Five Tips for Leading Campaigns for Change
Posted on Harvard Business Review: May 17, 2010 11:00 AM
Everyone agrees that culture is the hardest thing to change, whether ethics in the financial system or the eating habits of individuals. That's because change is not a decision like appointing a new CEO, nor is it an event like winning an election. Change is an ongoing campaign.
Even in a hierarchy, top officials can declare a new policy or restructure by fiat, but they can't change behavior without a campaign to win hearts and minds. If culture change is difficult within a company, it is even harder in looser systems such as communities and countries. In his book, All Deliberate Speed, Charles Ogletree examines the 50 years after the Supreme Court passed Brown v. Board of Education ordering the desegregation of U.S. public schools; yet decades later schools remain de facto segregated. If laws don't produce change, then leaders must become adept at campaigns to change behavior.
The best campaigns for change have five elements:
Memorable messages. Campaigns, like brand marketing, start with a clear, succinct, easy to repeat, emotionally compelling message.

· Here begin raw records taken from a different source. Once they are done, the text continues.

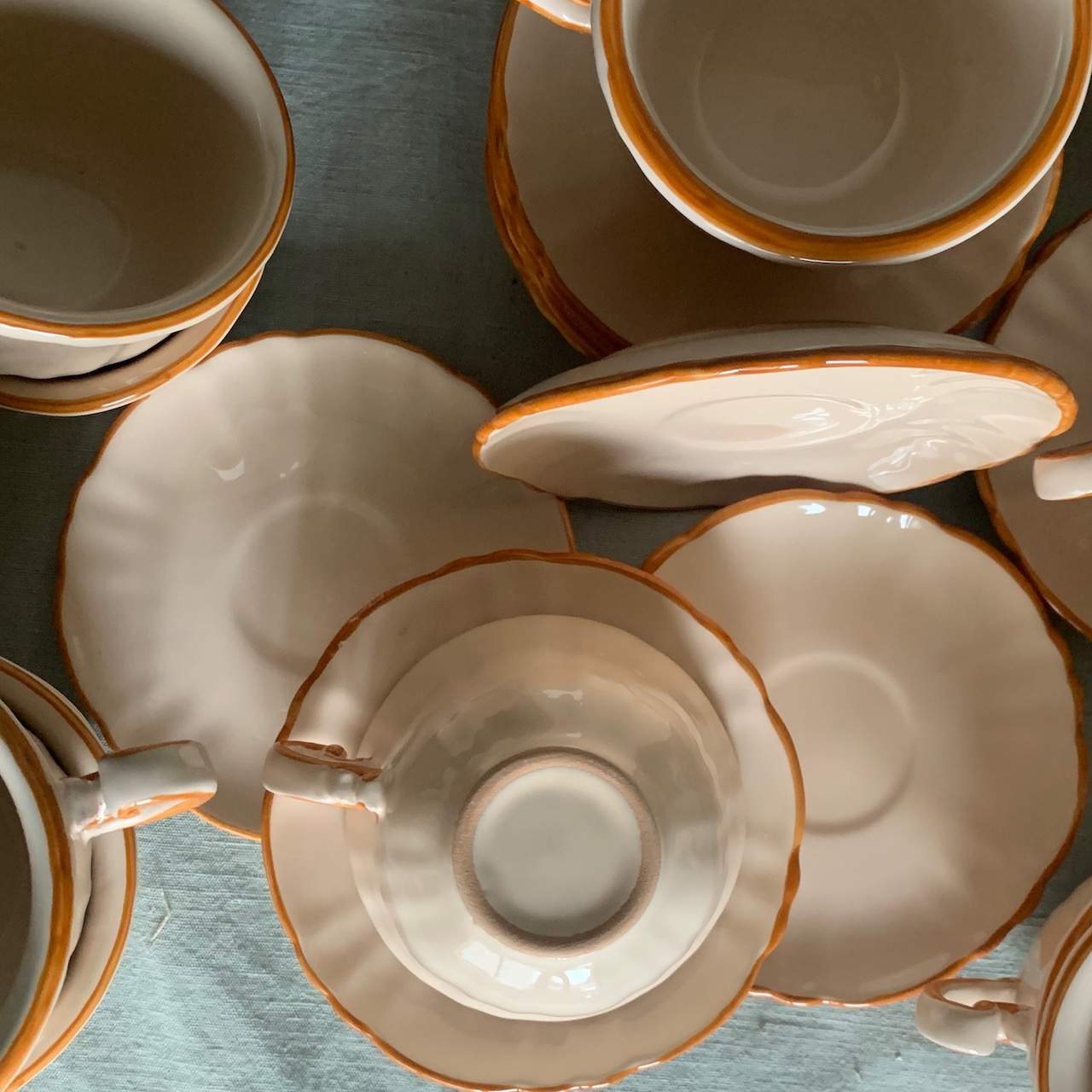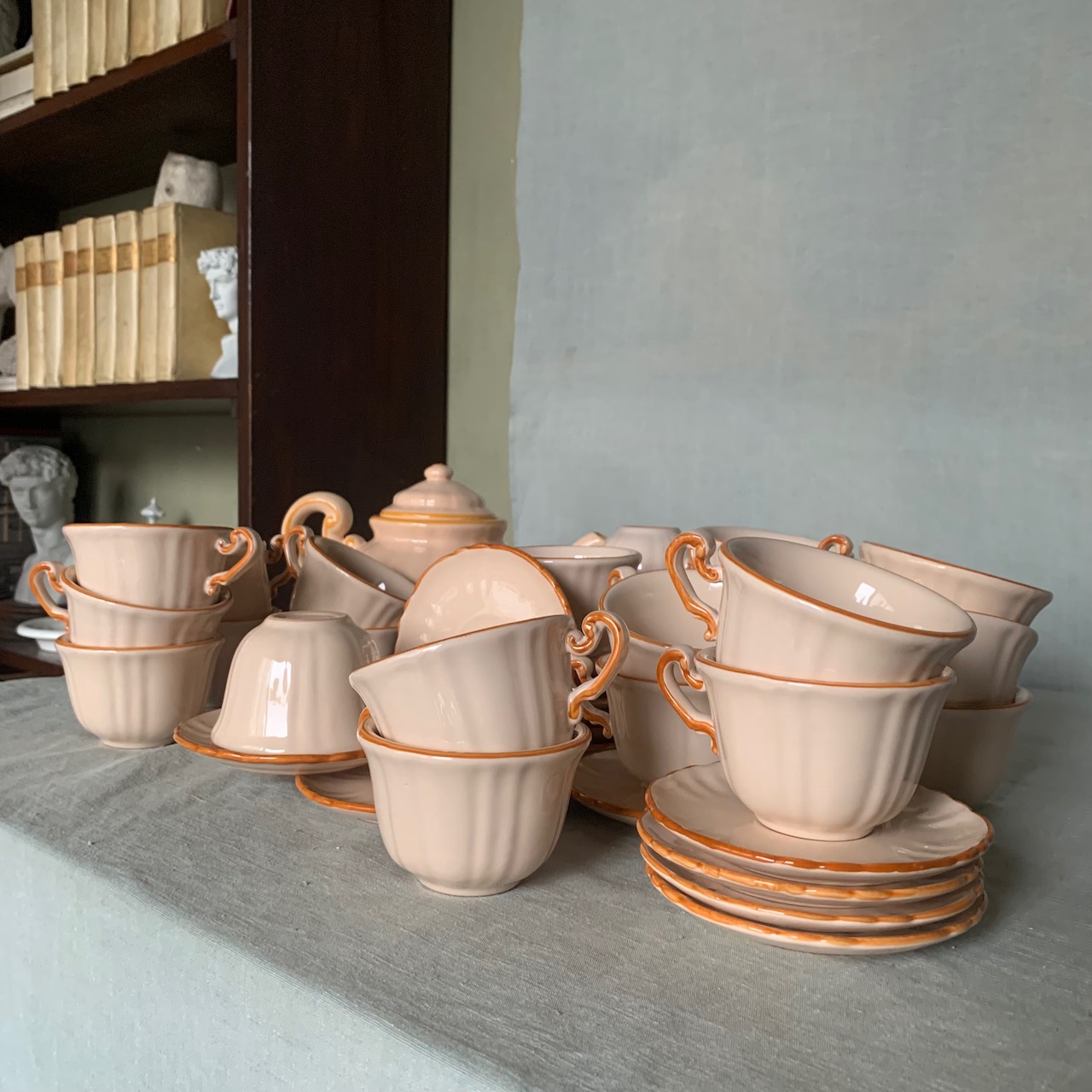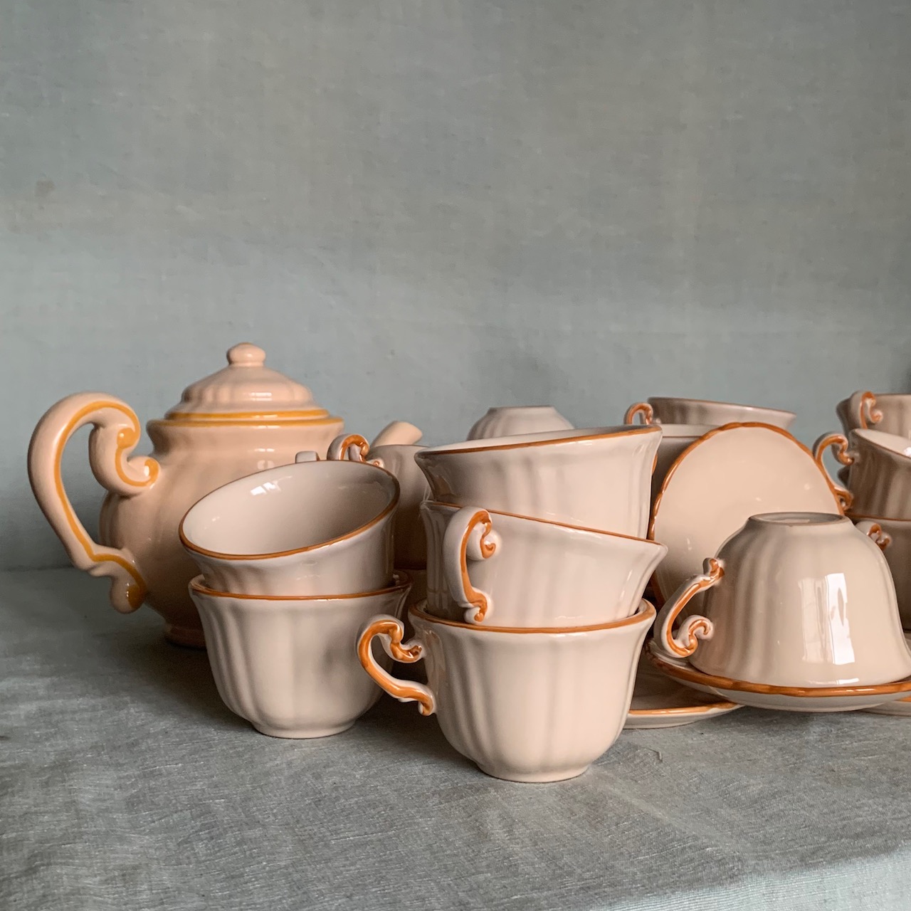 Servito da tè incarnato, in maiolica smaltata, disponibile in sette colori diversi. Collebi, Toscana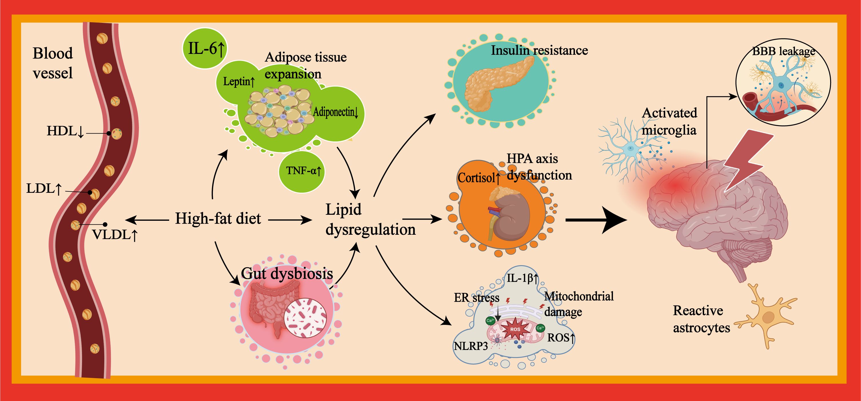 Figure 1. Pathological mechanisms linking lipid dysregulation to neuroinflammation in depression. This figure outlines mechanisms linking lipid dysregulation to neuroinflammation and depression. Depression patients frequently exhibit unhealthy lifestyle habits. Excessive consumption of high-fat foods can induce lipid dysregulation. Their peripheral blood is often characterized by a metabolic imbalance featuring elevated LDL and VLDL levels and reduced HDL levels. Visceral adipose tissue expansion induced by unhealthy dietary patterns is particularly susceptible to immune cell infiltration and cytokine secretion (e.g., IL-6, TNF-α). Furthermore, aided by concomitant gut microbiota dysbiosis resulting from such patterns, a chronic systemic inflammatory state develops. This state promotes and/or accompanies metabolic and endocrine risks (e.g., insulin resistance, HPA axis dysregulation (excessive cortisol secretion), and adipokine dysregulation) and impairment of organelle function (e.g., mitochondrial damage and ER stress). Collectively, these factors exacerbate lipid dysregulation and sustain peripheral inflammation. Persistent peripheral inflammation can lead to compromised BBB integrity, promote neuroinflammation, and induce alterations in neuroplasticity within mood-regulating neural networks, which may ultimately contribute to depressive symptoms. LDL, low-density lipoprotein; VLDL, very low-density lipoprotein; HDL, high-density lipoprotein; IL-6, interleukin-6; TNF-α, tumor necrosis factor-alpha; HPA, hypothalamic-pituitary-adrenal; ER, endoplasmic reticulum; BBB, blood-brain barrier.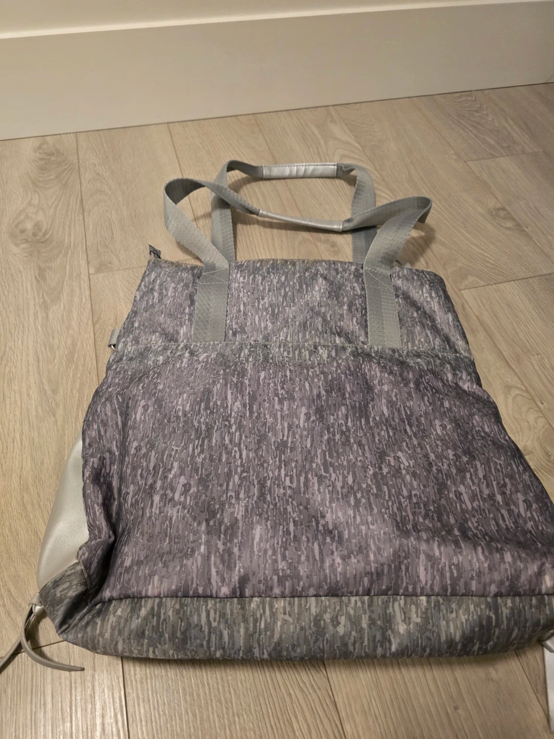 This tote bag features a unique grey and purple abstract print. It has two sturdy grey shoulder straps and a zippered top closure. Comes with a front zippered pocket, and zippers at either side so you can easily carry your yoga/pilates mat.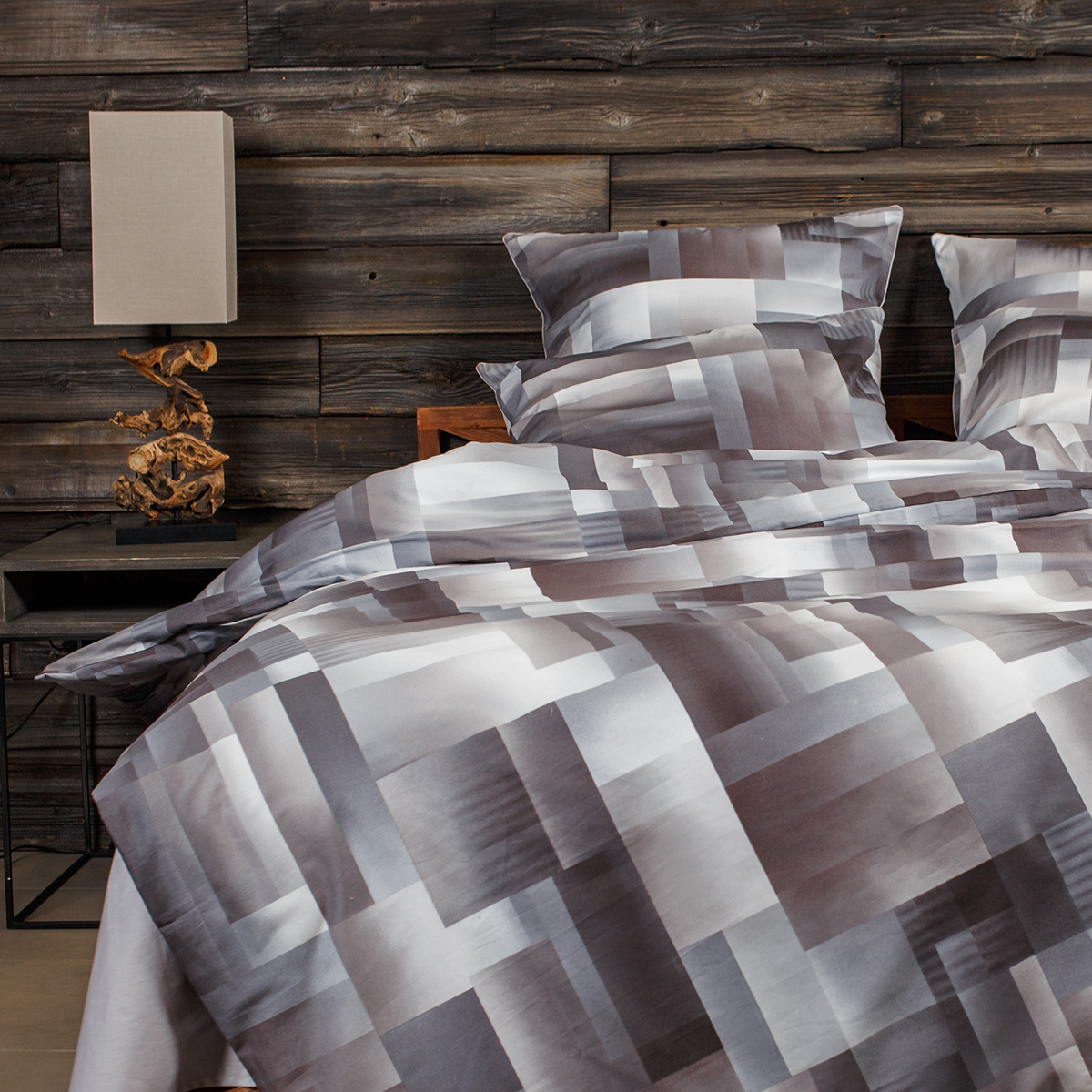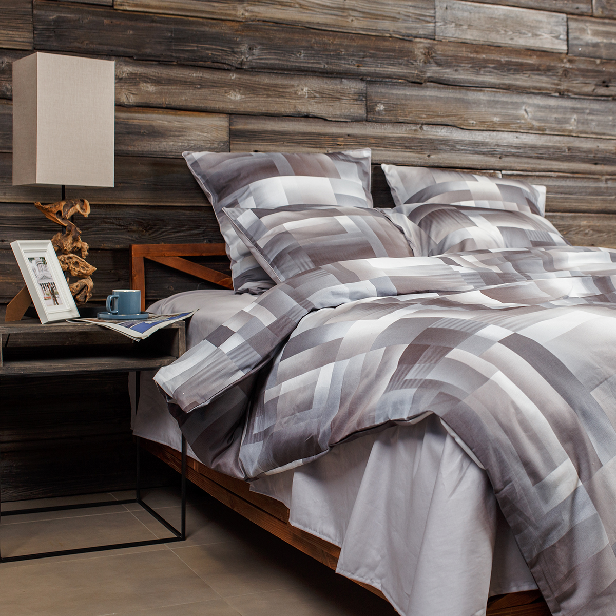 - Наволочки двухсторонние: лицевая сторона– геометрический принт, оборотная – однотонная. Декоративный кант по трем сторонам наволочки. Широкий запах на наволочках - легко менять подушки.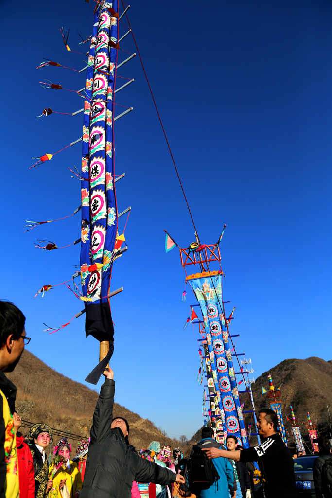 幡动山村500年(组图) 作者:邹惟麟 拍摄地点:门头沟区 (每逢正月十五这一天,有500年传承历史的国家级非物质文化遗产项目——北京门头沟区千军台、庄户举办盛大的古幡走会。大山里千军台、庄户等几个村的村民,簇拥10面大幡汇聚至千军台村口举行接会仪式。仪式过后,各档花会依次起会,走街串巷,为附近几个小山村的人们送去新年的祝福。)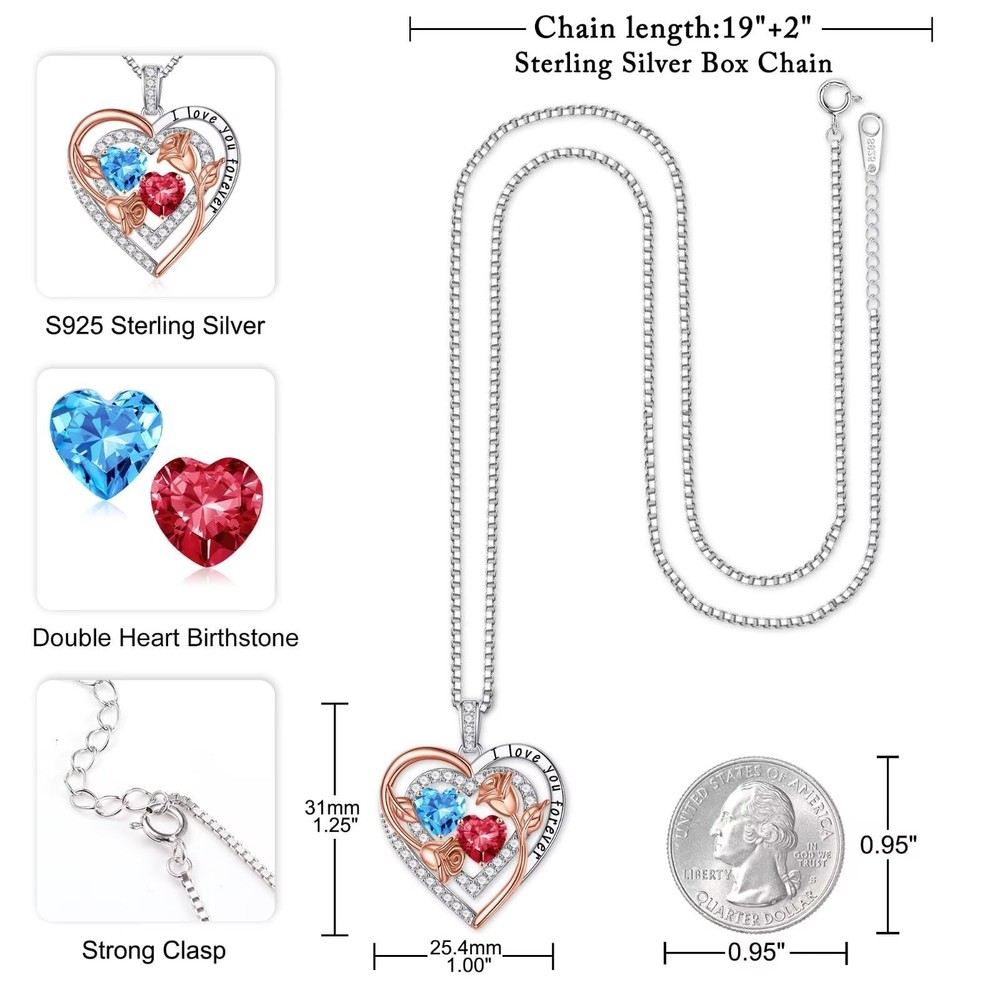 Jewelry Gifts: Mothers Day Gifts Birthday Gifts Anniversary Gifts Christmas Gifts Valentines Day Gifts Jewelry Attentiontion Please avoid contacting with the acid and alkali, corrosive substances. Please avoid the collision, so as to avoid surface scratches. Please avoid wearing it when sweating a lot, shower or sleep, etc. Please wipe them with soft cloth when you clean your jewelries. Best Gifts: The best gifts for your love, when she receive the gifts, we believe it is a surprise! UNIQUE GIFTS: The elaborate double birthstone necklace, one representing your birth month and one representing hers, represents the two of you forever tightly held together. Unique necklace send to the best women in your life and let her know how much she means to you. This birthstone necklace, a perfect gift for your love on Christmas, Anniversary and Birthday. MEANING: The heart pendant engraved with the words "I love you forever" symbolizes your forever love for the special women in your life. When she wear this heart necklace, she will never forget the long and deep love you shared. Perfect gifts for your mom, grandma, wife or any other people your love on Mother's Day, Birthday, Christmas, Valentine's Day or other special days. MATERIALS: The chain and pendant are both made of 925 Sterling Silver. This is a high quality stuff that will not fade, turn your skin to green, red or itchy. You can wear or give at ease. SIZE: Chain is 19 inches + 2 inches (Adjustable). This length works on practically anyone. It's a excellent gift choice for women daily wearing home or office. AFTER - SALES SERVICE: Your satisfaction is our top priority. If you are interested in or question the birthstone necklace, please contact us in time. We will reply you within 24 hours and give you a satisfactory answer.
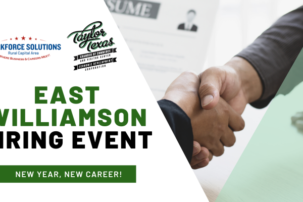A new year brings fresh possibilities—make 2026 your year for growth. Join Workforce Solutions Rural Capital Area at the East Williamson County Hiring Event, where employers, job seekers, and community partners come together to support economic and workforce development in our region.

The designated driver campaign, spearheaded by Jay Winsten at the Harvard School of Public Health 21 years ago, reduced fatalities from drunk driving by 25% in its first four years alone using the slogan "The designated driver is the life of the party." The message plays off of "life of the party" to signify that the party will be fun, while reminding people that "life" depends on a driver who doesn't drink. Similarly, playful yet compelling images animate Dr. Hugo Tempelman's campaign to stop HIV/AIDS in South Africa. The campaign features billboards with a cartoon condom and slogans accompanied by a soccer ball that start with the line "Men with balls..." and complete the sentence with safe sex behavior.
Stories. Narrative is a powerful tool for campaigns. People remember other people and stories better than numbers. First Lady Michelle Obama is leading a campaign against obesity by getting Americans up and walking. Personal testimonials motivate people, particularly when they see that those they admire take new actions. For big media campaigns, celebrity stories catch attention. Actor Dennis Quaid, who almost lost his twin children to medical errors, stars in a made-for-TV movie about patient safety, Chasing Zero, produced by Dr. Charles Denham, a physician/entrepreneur and an Advanced Leadership Fellow at Harvard (a program I'm involved with). Chasing Zero has aired several times on the Discovery Channel and is the basis for a campaign aimed at hospital boards and community leaders.
Action tools and roles. In a successful campaign, there is a clear step anyone can take, without requiring elaborate new processes, even if more complex change is required eventually. A checklist for surgery is a simple, actionable tool, as Dr. Atul Gawande argues in his new book. The designated driver is a role that is immediately clear to everyone attending a party, and anyone can take it on. When IBM mounted a campaign to increase employee engagement in North America, the company created a new role, called "mayor," for neighborhood-based networks to build connections and community service, called "spirit communities."
Coalitions of partners. Change campaigns need many suppliers, distributors, and allies. The "100,000 Lives" campaign mounted by Dr. Donald Berwick at the Institute for Healthcare Improvement (IHI), aimed at saving 100,000 lives lost annually to preventable medical errors. IHI mobilized 3000 hospitals to implement safer practices. Berwick (now nominee to head Medicare) later expanded this to a "5 Million Lives" campaign to reduce all forms of hospital-generated harm, adding more hospitals armed with more tools. In a different realm, NASA head Charles Bolden, a former Harvard Advanced Leadership Fellow with Denham, caught the change campaign spirit. He recently launched NASA's "Summer of Innovation" in its first four states. This campaign enlists middle school students and teachers in efforts to improve STEM education (science, technology, engineering, and math), using NASA scientific resources as a catalyst.
"Point of action" nudges. Popular media messages get generalized attention, just as commercials for products do, but like marketing campaigns that require point of sale support, successful behavior change campaigns need to place reminders at the point of action—the moment of truth when behavior is set in motion. For example, bars are naturals for designated driver or safe sex campaign materials. Hand-washing reminders and hand-sanitizers are now prevalent in restaurants and hospitals.
Campaigns for culture change flourish under experienced leaders in later stages of life ready to jump into making a big impact on society. This reasoning underlies the meta-campaign of the Advanced Leadership Fellowship: to deploy a leadership force of social change campaigners. We're seeking a few great leaders to join the movement and create the next designated driver, patient safety, or science education campaign. The results can improve competitiveness and save lives. That's a campaign worth undertaking.